* [WORK TASK]: Below are entries. Copy exactly the lines running from the line that holds "Setibanya di dermaga, para" to the line that holds "全国のスマイルホテル他、40", with both ends included.

Segment Start: SOURCE MATERIAL

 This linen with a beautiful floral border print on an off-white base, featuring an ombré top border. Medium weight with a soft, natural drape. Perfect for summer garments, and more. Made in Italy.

Segment End: SOURCE MATERIAL
Segment Start: SOURCE MATERIAL

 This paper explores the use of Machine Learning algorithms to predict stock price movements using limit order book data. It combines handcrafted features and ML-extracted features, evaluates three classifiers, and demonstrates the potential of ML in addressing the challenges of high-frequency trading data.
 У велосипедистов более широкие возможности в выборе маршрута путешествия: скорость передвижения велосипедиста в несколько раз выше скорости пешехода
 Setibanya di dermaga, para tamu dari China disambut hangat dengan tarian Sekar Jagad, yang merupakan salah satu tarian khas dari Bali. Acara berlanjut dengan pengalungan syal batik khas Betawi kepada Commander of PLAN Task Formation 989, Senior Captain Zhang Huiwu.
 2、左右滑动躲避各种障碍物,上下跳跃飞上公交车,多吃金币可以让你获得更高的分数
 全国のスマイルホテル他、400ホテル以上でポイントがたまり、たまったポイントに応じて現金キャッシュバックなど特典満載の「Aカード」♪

Segment End: SOURCE MATERIAL
Segment Start: SOURCE MATERIAL

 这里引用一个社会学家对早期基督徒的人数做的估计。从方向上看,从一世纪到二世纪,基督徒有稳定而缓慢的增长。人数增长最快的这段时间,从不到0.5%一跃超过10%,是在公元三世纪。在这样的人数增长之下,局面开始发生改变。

Segment End: SOURCE MATERIAL

* [RESPONSE]:
 Setibanya di dermaga, para tamu dari China disambut hangat dengan tarian Sekar Jagad, yang merupakan salah satu tarian khas dari Bali. Acara berlanjut dengan pengalungan syal batik khas Betawi kepada Commander of PLAN Task Formation 989, Senior Captain Zhang Huiwu.
 2、左右滑动躲避各种障碍物,上下跳跃飞上公交车,多吃金币可以让你获得更高的分数
 全国のスマイルホテル他、400ホテル以上でポイントがたまり、たまったポイントに応じて現金キャッシュバックなど特典満載の「Aカード」♪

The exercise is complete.